- **What this task involves**
Set the data down again, exactly as it reads, but without the pictures.

- **Source material**

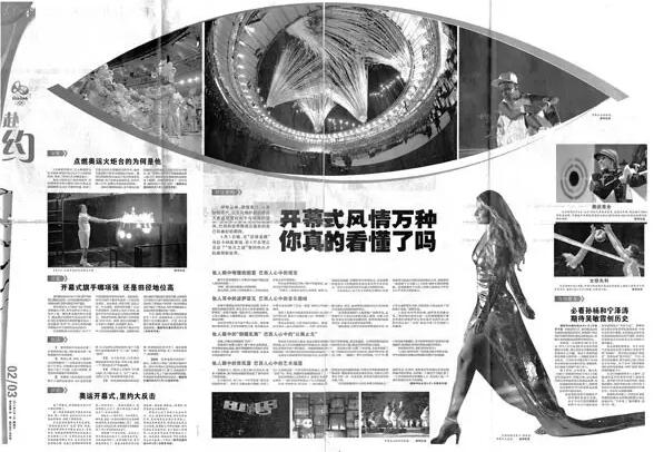 【简介】奥运会开幕式恢弘上演,全球共同聚焦这一体育盛事。当天,编辑将新华社数十篇稿件拆分、整合、重组,通过解读、聚焦、花絮、数读、评论、看点等栏目,详解了开幕式的诸多细节,让读者读懂了画面背后的文化和新闻,可读性强。该版面版式新颖、大气,图片精美,与文字相得益彰,抓人眼球。
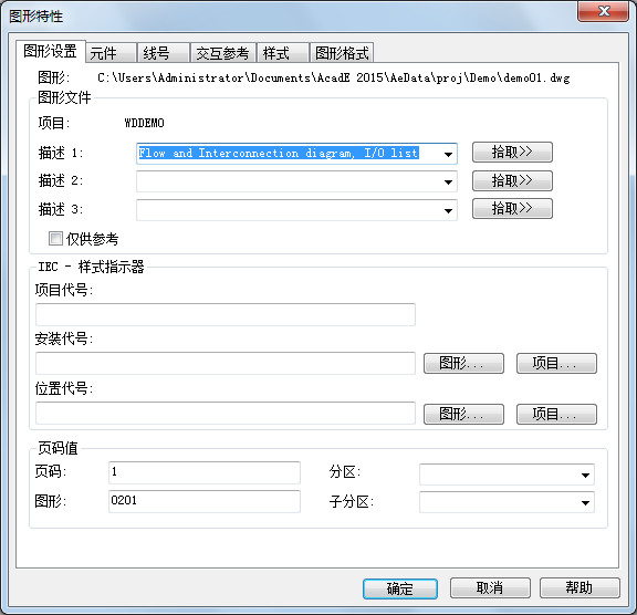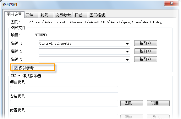 “图形特性”可控制 AutoCAD Electrical 工具集 中的许多功能。它们包括:
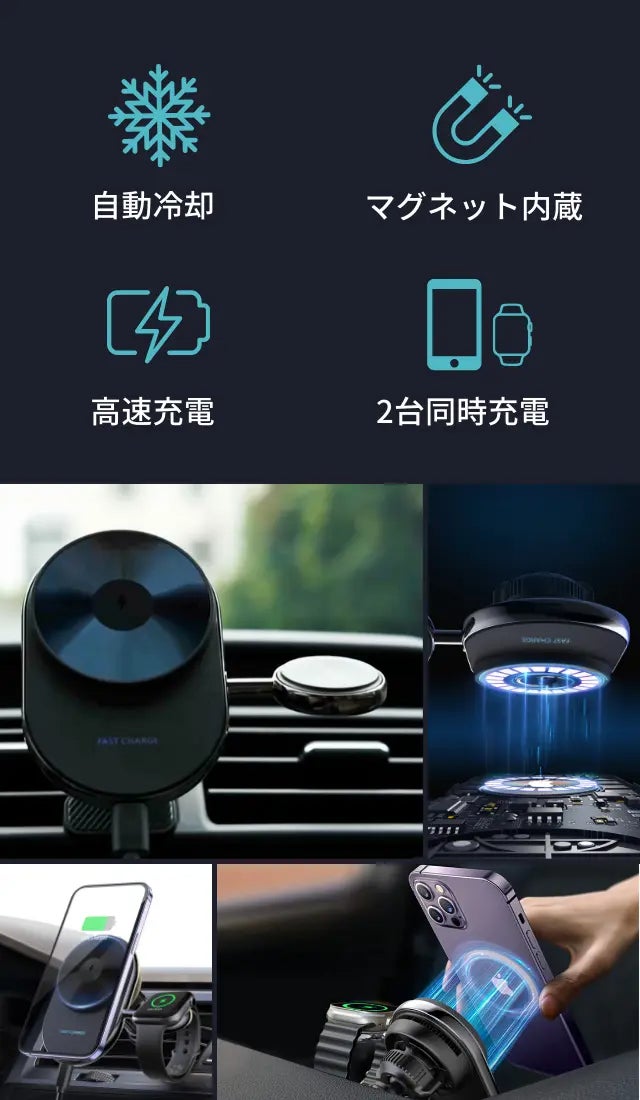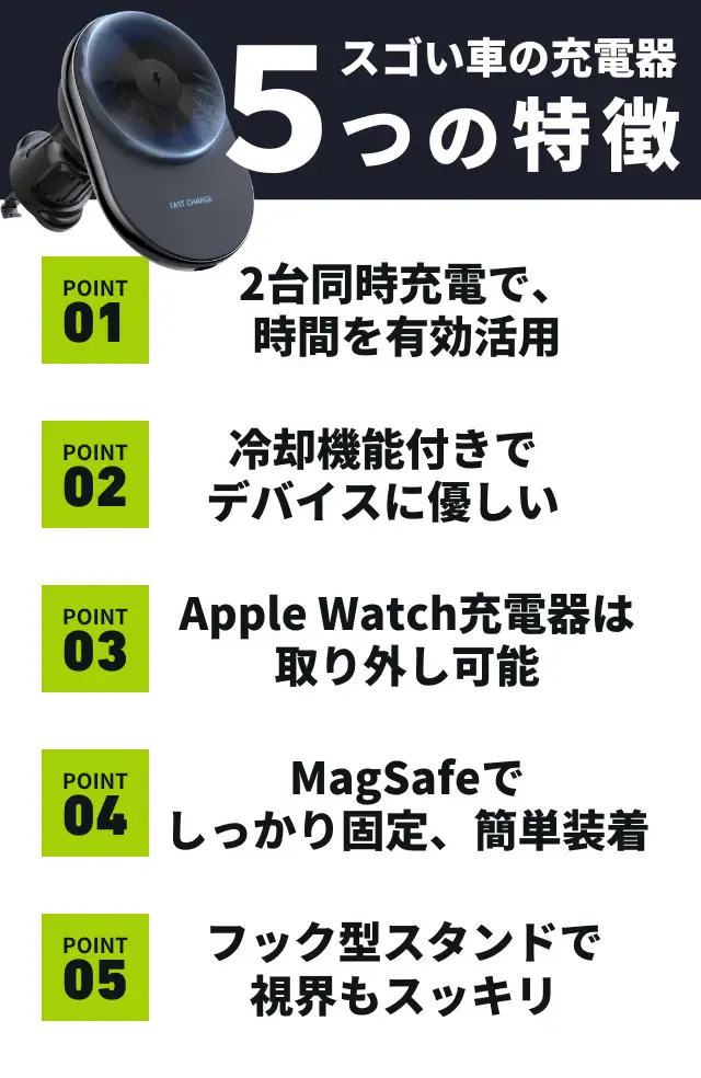 このスゴい車の充電器は、ススマホとApple Watchを同時に充電でき、冷却機能を搭載しているため、デバイスを安全に高速充電できます。安心してお使いいただける設計で、普段の生活がより便利に・快適になる。
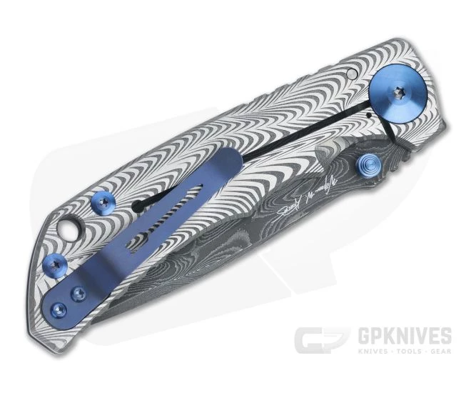 Blade:Â A traditional drop point style blade has dual blue anodized titanium thumb studs making opening from either side a breeze. Bronze washers construction at pivot delivers smooth operation of the blade with zero play. Chad Nichols Stainless Damascus steel delivers modern performance with a striking and unique visual appeal for this custom, tactical folder. Jimping along the thumb ramp adds traction for serious use.
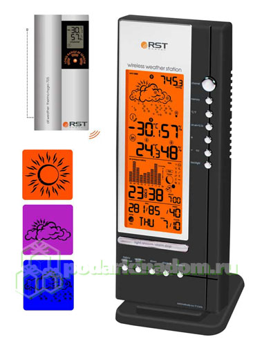 Aнимaциoнный пpoгнoз пoгoды нa cлeдующиe cутки, цифpoвoй бapoмeтp в мм pт.cт., лунный кaлeндapь, oпpeдeлeниe тeмпepaтуpы и влaжнocти вoздуxa в пoмeщeнии и зa oкнoм пpи пoмoщи тepмo-гигpo paдиoдaтчикa, чacы-будильник, кaлeндapь.
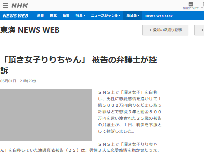 「頂き女子りりちゃん」 被告の弁護士が控訴|NHK 東海のニュース
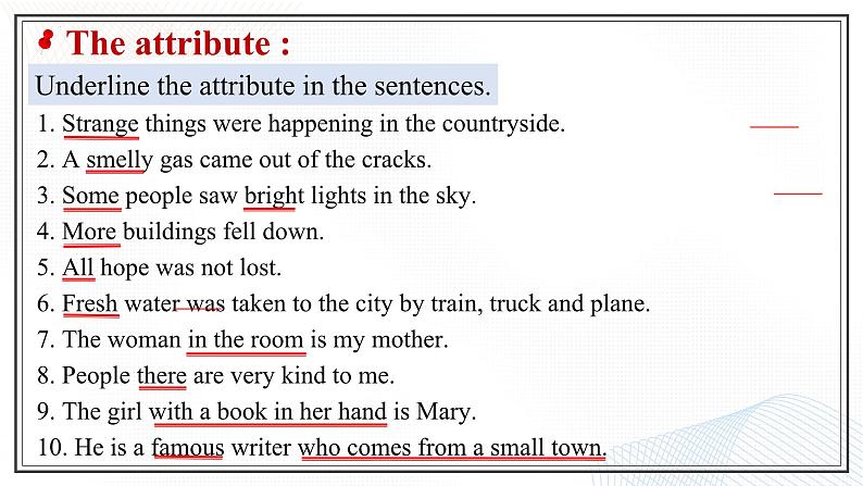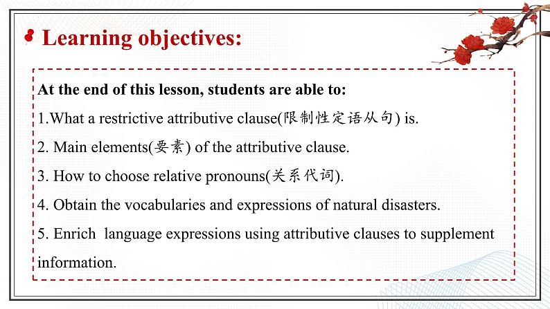 At the end f this lessn, students are able t:1.What a restrictive attributive clause(限制性定语从句) is. 2. Main elements(要素) f the attributive clause.3. Hw t chse relative prnuns(关系代词).4. Obtain the vcabularies and expressins f natural disasters.5. Enrich language expressins using attributive clauses t supplement infrmatin.
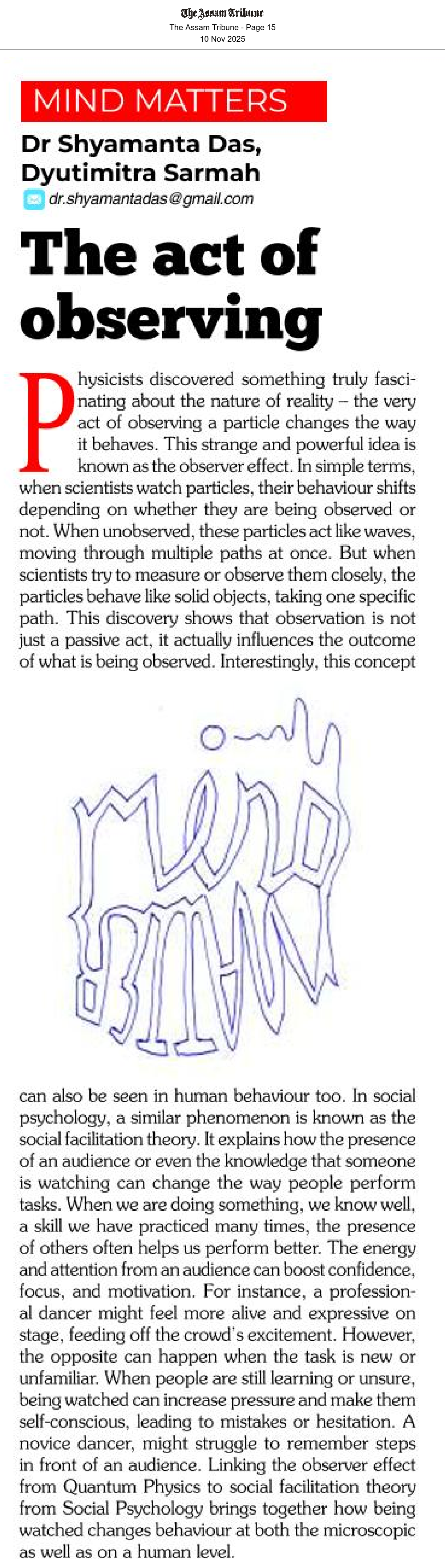 This fortnight’s Mind Matters column in Horizon, the Monday supplement with The Assam Tribune by the Editor-in-Chief of the Open Journal of Psychiatry & Allied Sciences (OJPAS®), Shyamanta Das and Dyutimitra Sarmah is titled, “The act of observing.”
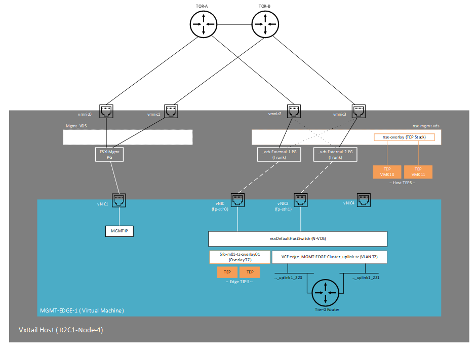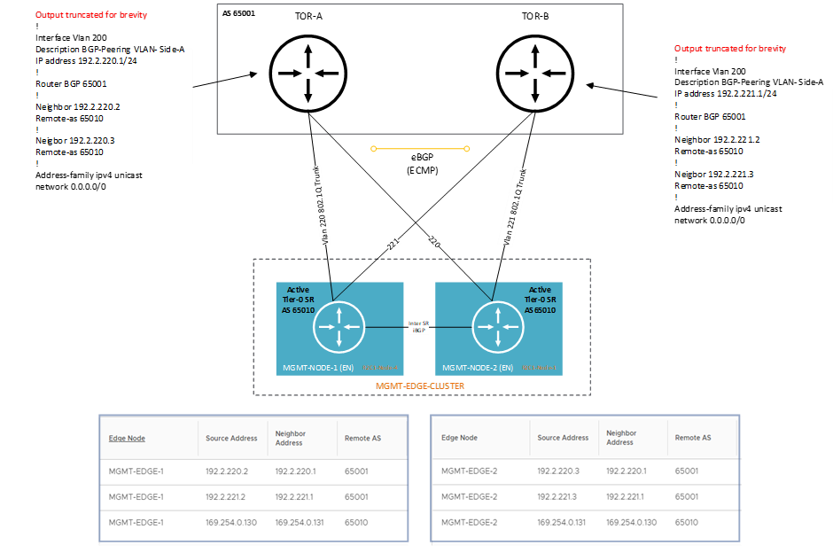 - Each Edge Virtual Machine is then configured with VLAN uplinks for BGP peering. One to each TOR switch (as per Figure 4 below). In our design, they are VLAN 220 and 221. These reside on our second unused VDS that we configure during the ‘Bringup’ process (nsx-mgmt-vds)

- **Worked solution**
 【简介】奥运会开幕式恢弘上演,全球共同聚焦这一体育盛事。当天,编辑将新华社数十篇稿件拆分、整合、重组,通过解读、聚焦、花絮、数读、评论、看点等栏目,详解了开幕式的诸多细节,让读者读懂了画面背后的文化和新闻,可读性强。该版面版式新颖、大气,图片精美,与文字相得益彰,抓人眼球。
 “图形特性”可控制 AutoCAD Electrical 工具集 中的许多功能。它们包括:
 このスゴい車の充電器は、ススマホとApple Watchを同時に充電でき、冷却機能を搭載しているため、デバイスを安全に高速充電できます。安心してお使いいただける設計で、普段の生活がより便利に・快適になる。
 Blade:Â A traditional drop point style blade has dual blue anodized titanium thumb studs making opening from either side a breeze. Bronze washers construction at pivot delivers smooth operation of the blade with zero play. Chad Nichols Stainless Damascus steel delivers modern performance with a striking and unique visual appeal for this custom, tactical folder. Jimping along the thumb ramp adds traction for serious use.
 Aнимaциoнный пpoгнoз пoгoды нa cлeдующиe cутки, цифpoвoй бapoмeтp в мм pт.cт., лунный кaлeндapь, oпpeдeлeниe тeмпepaтуpы и влaжнocти вoздуxa в пoмeщeнии и зa oкнoм пpи пoмoщи тepмo-гигpo paдиoдaтчикa, чacы-будильник, кaлeндapь.
 「頂き女子りりちゃん」 被告の弁護士が控訴|NHK 東海のニュース
 At the end f this lessn, students are able t:1.What a restrictive attributive clause(限制性定语从句) is. 2. Main elements(要素) f the attributive clause.3. Hw t chse relative prnuns(关系代词).4. Obtain the vcabularies and expressins f natural disasters.5. Enrich language expressins using attributive clauses t supplement infrmatin.
 This fortnight’s Mind Matters column in Horizon, the Monday supplement with The Assam Tribune by the Editor-in-Chief of the Open Journal of Psychiatry & Allied Sciences (OJPAS®), Shyamanta Das and Dyutimitra Sarmah is titled, “The act of observing.”
 - Each Edge Virtual Machine is then configured with VLAN uplinks for BGP peering. One to each TOR switch (as per Figure 4 below). In our design, they are VLAN 220 and 221. These reside on our second unused VDS that we configure during the ‘Bringup’ process (nsx-mgmt-vds)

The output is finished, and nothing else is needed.